● **WORK TO BE COMPLETED**
Return the listing exactly. Keep no pictures.

● **THE RECORDS**
──────

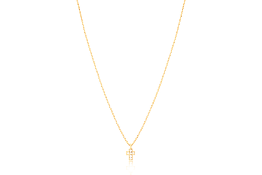 GARGANTILHA BANHADA EM OURO, VENEZIANA 0,80mm, 40cm COMPRIMENTO E ZIRCÔNIA REDONDA 3mm, PARA QUALQUER COR DE PEDRA
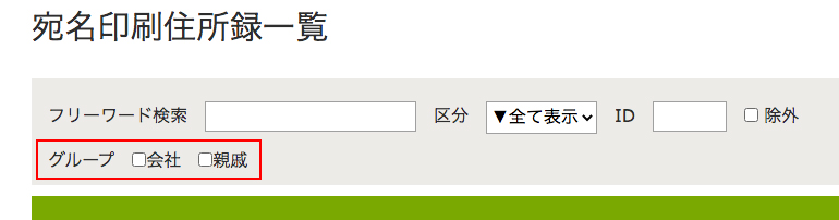 グループ欄では入力したグループで絞込が可能です。 複数を選択して表示する事も可能です。
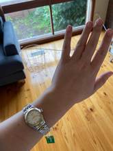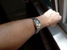 Good watch, look feminine and cute, the dial is not too big, the only hand my thin had to shoot links
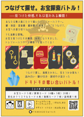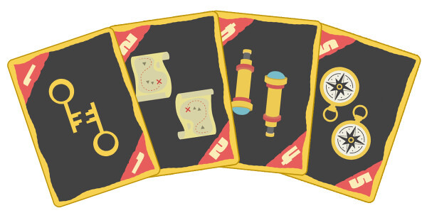 探索カードを 1~5の順番 につなげて「トレジャー!」を宣言し、お宝カードをの獲得を目指すカードゲームです。
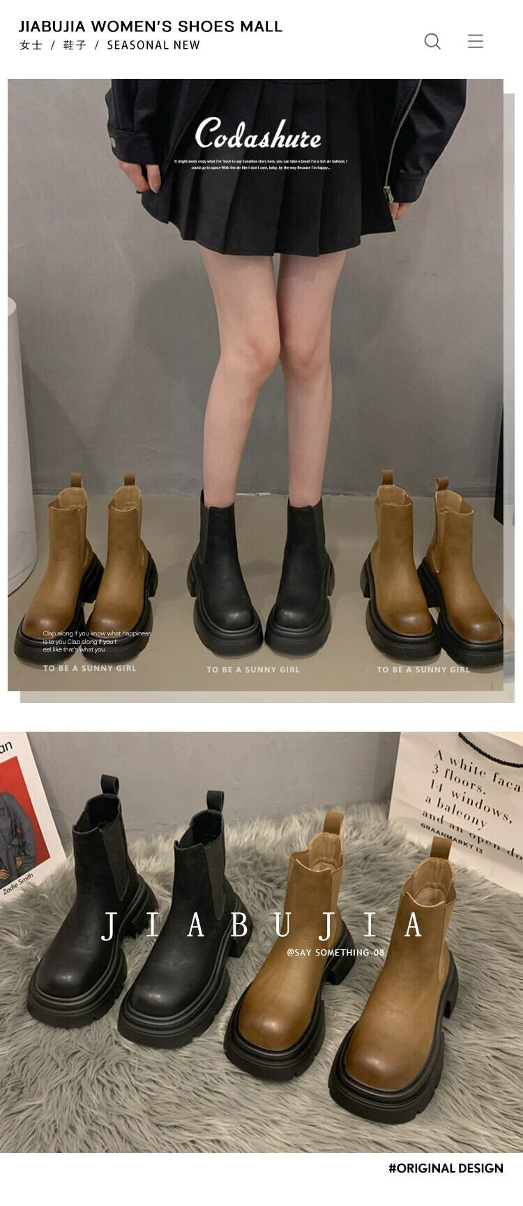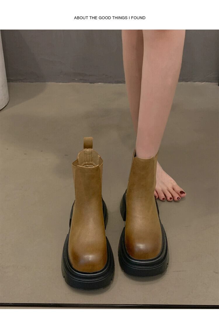 Jia Bujia ブーツ レディース ショートブーツ 2023 秋の新ファッションプラスベルベットレトロオートバイ厚底チェルシーブーツトレンド 靴 シューズ オータム 秋物 jxjxf54508542677
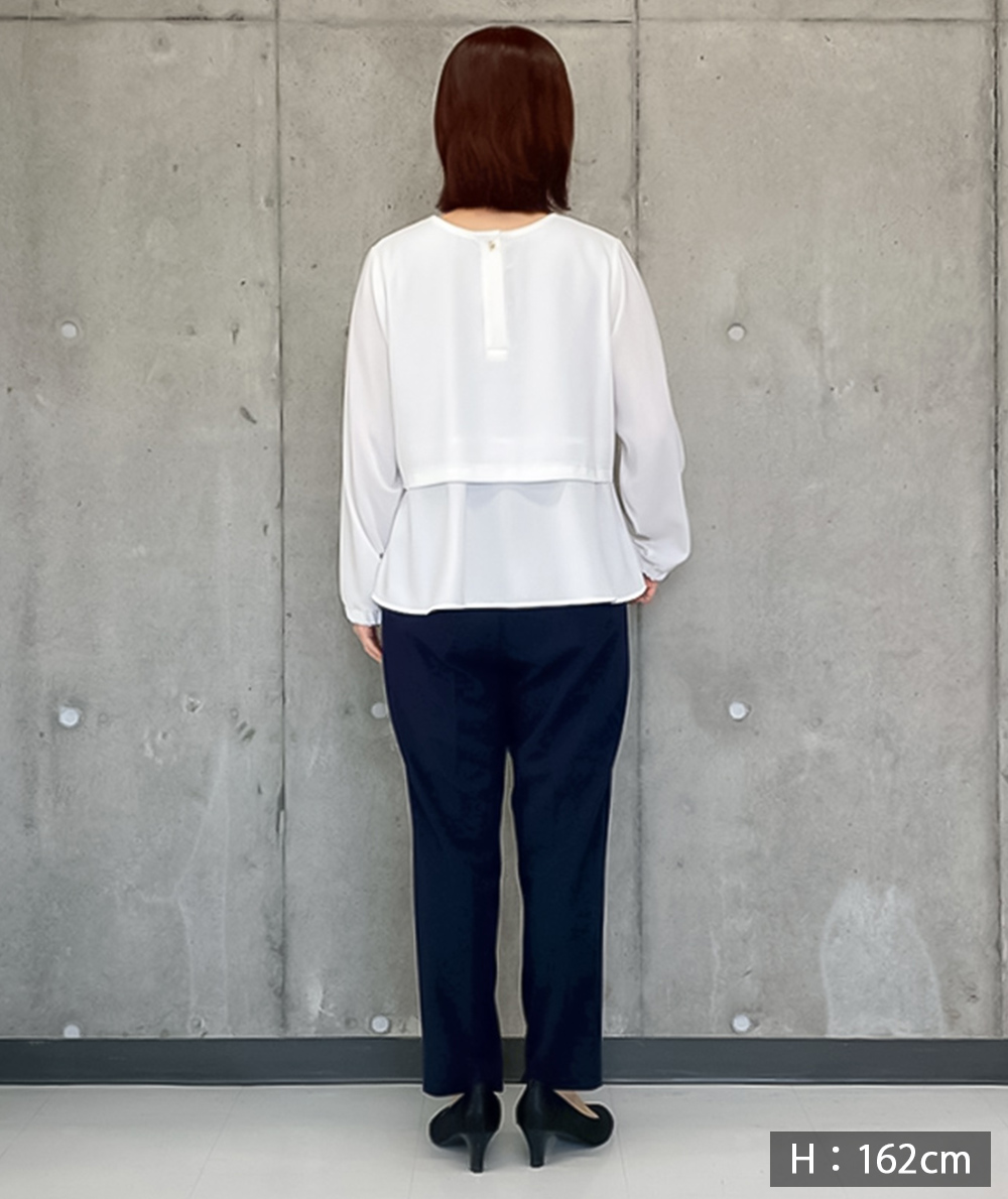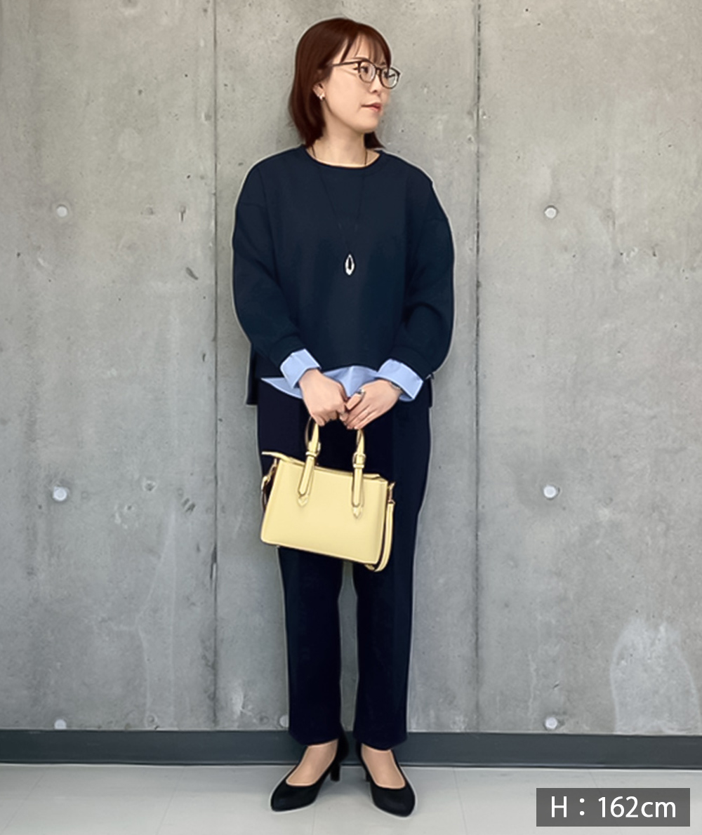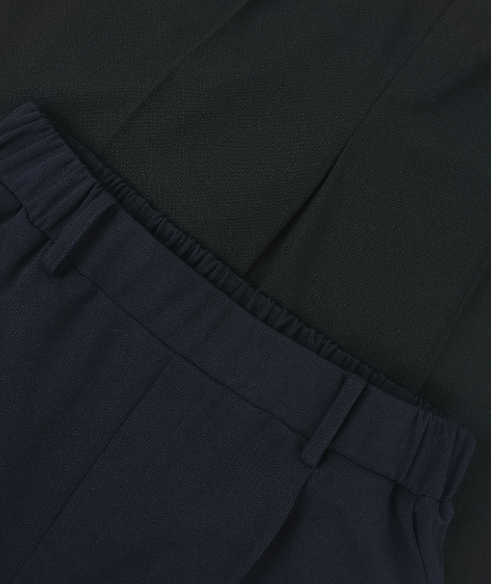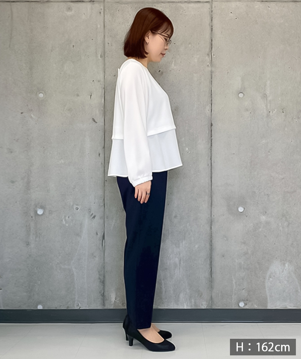 スッキリとしたシルエットとセンタープレスが上品な印象のテーパードパンツ。ストレッチの効いた生地とゴム仕立てのウエストにより、リラックスしたはき心地でデイリーユースもしやすい一着です。腰回りにゆとりを持たせつつ、膝下を細く設定することで細見えを叶え、スタイルアップ効果も。チュニックやボリュームのあるトップスとも好相性で、オンオフ問わず活躍します。お仕事着としてはもちろん、セレモニーシーンやお子様とのお出かけにもおすすめです。
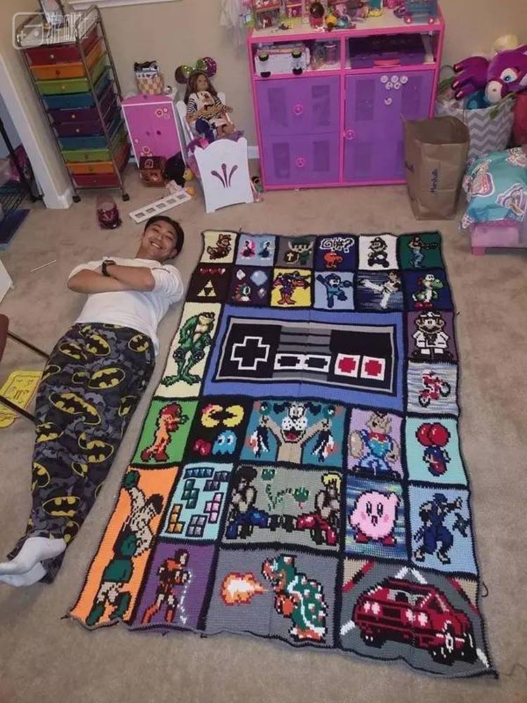 “老婆送我的圣诞礼物!一张绣满复古游戏的毯子!”
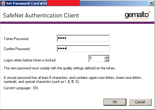 Token PIN (User Password): Τέσσερις φορές το εννέα 9999 (μετά από 3 ανεπιτυχείς προσπάθειες κλειδώνει).
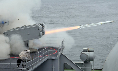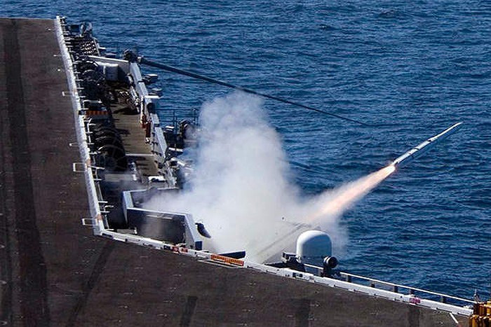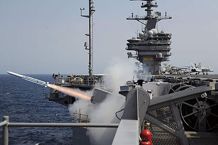 [ẢNH] Tàu sân bay Mỹ phóng tên lửa xé toạc hai tên lửa chống hạm cùng lúc

──────

● **RESPONSE TO THE EXERCISE**
 GARGANTILHA BANHADA EM OURO, VENEZIANA 0,80mm, 40cm COMPRIMENTO E ZIRCÔNIA REDONDA 3mm, PARA QUALQUER COR DE PEDRA
 グループ欄では入力したグループで絞込が可能です。 複数を選択して表示する事も可能です。
 Good watch, look feminine and cute, the dial is not too big, the only hand my thin had to shoot links
 探索カードを 1~5の順番 につなげて「トレジャー!」を宣言し、お宝カードをの獲得を目指すカードゲームです。
 Jia Bujia ブーツ レディース ショートブーツ 2023 秋の新ファッションプラスベルベットレトロオートバイ厚底チェルシーブーツトレンド 靴 シューズ オータム 秋物 jxjxf54508542677
 スッキリとしたシルエットとセンタープレスが上品な印象のテーパードパンツ。ストレッチの効いた生地とゴム仕立てのウエストにより、リラックスしたはき心地でデイリーユースもしやすい一着です。腰回りにゆとりを持たせつつ、膝下を細く設定することで細見えを叶え、スタイルアップ効果も。チュニックやボリュームのあるトップスとも好相性で、オンオフ問わず活躍します。お仕事着としてはもちろん、セレモニーシーンやお子様とのお出かけにもおすすめです。
 “老婆送我的圣诞礼物!一张绣满复古游戏的毯子!”
 Token PIN (User Password): Τέσσερις φορές το εννέα 9999 (μετά από 3 ανεπιτυχείς προσπάθειες κλειδώνει).
 [ẢNH] Tàu sân bay Mỹ phóng tên lửa xé toạc hai tên lửa chống hạm cùng lúc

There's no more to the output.